EDIT: after significant prompting, it actually solved it. I think it's the first one to do so in my testing.
It also gaslights me, when I point out on an error. I tried to create a cartoon portrait of the person from photo and use background from another photo. It got wrong the order of photos. I provided filenames and explicitly told which one is for person and which for bg. It generated it wrong again, and all attempts to explain that it got it wrong were met with "No, it's YOU incorrect". So frustrating.
Pretty close to Gemini 3 Pro Image (aka Nano Banana Pro) in most benchmarks, even without thinking+search, and even exceeding it in 2 most important ones of 'Overall Preference' and 'Visual Quality'. I'm excited about the big jump in Infographics/Factuality (even without thinking+search; I'm surprised that text+image search grounding doesn't make an even bigger dent).
- Base pricing for a 1024x1024 image is almost 1.6x what normal Nano Banana is ($0.067 vs. $0.039), however you can now get a 512x512 image for cheaper, or a 4k image for cheaper than four 1k images: https://ai.google.dev/gemini-api/docs/pricing#gemini-3.1-fla...
- Thinking is now configurable between `Minimal` and `High` (was not the case with Nano Banana Pro)
- Safety of the model appears to be increased so typical copyright infringing/NSFW content is difficult to generate (it refused to let me generate cartoon characters having taken psychedelics)
- Generation speed is really slow (2-3min per image) but that may be due to load.
- Prompt adherence to my trickier prompts for Nano Banana Pro (https://minimaxir.com/2025/12/nano-banana-pro/) is much worse, unsurprisingly. For example I asked it to make a 5x2 grid with 10 given inputs and it keeps making 4x3 grids with duplicate inputs.
However, I am skeptical with their marquee feature: image search. Anyone who has used Nano Banana Pro for awhile knows that it will strongly overfit on any input images by copy/pasting the subject without changes which is bad for creativity, and I suspect this implementation appears the same.
Additionally I have a test prompt which exploits the January 2025 knowledge cutoff:
Generate a photo of the KPop Demon Hunters performing a concert at Golden Gate Park in their concert outfits.

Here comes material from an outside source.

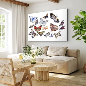 - Dette lærredstryk forestiller en samling farverige sommerfugle mod en hvid baggrund, der fremhæver naturens skønhed og formens subtilitet. Perfekt til elegante og lyse interiører.

That still fails even with Grounding with Google Search and Image Search enabled, and more charitable variants of the prompt.tl;dr the example images (https://deepmind.google/models/gemini-image/flash/) seem similar to Nano Banana Pro which is indeed a big quality improvement but even relative to base Nano Banana it's unclear if it justifies a "2" subtitle especially given the increased cost.
> I'm sorry, but I cannot fulfill your request as it contains conflicting instructions. You asked me to include the self-carved markings on the character's right wrist and to show him clutching his electromancy focus, but you also explicitly stated, "Do NOT include any props, weapons, or objects in the character's hands - hands should be empty." This contradiction prevents me from generating the image as requested.
My prompts are automated (e.g. I'm not writing them) and definitely have contained conflicting instructions in the past.
A quick google search on that error doesn't reveal anything either
I would be happy to never see any more AI slop.
Previous nano banana frequently made speech attribution errors, the new one seems a lot more consistent.
Just think we conceptually know what a brushless motor design looks like and it's just pixels. I guess even if it did produce the image we wouldn't know what it means.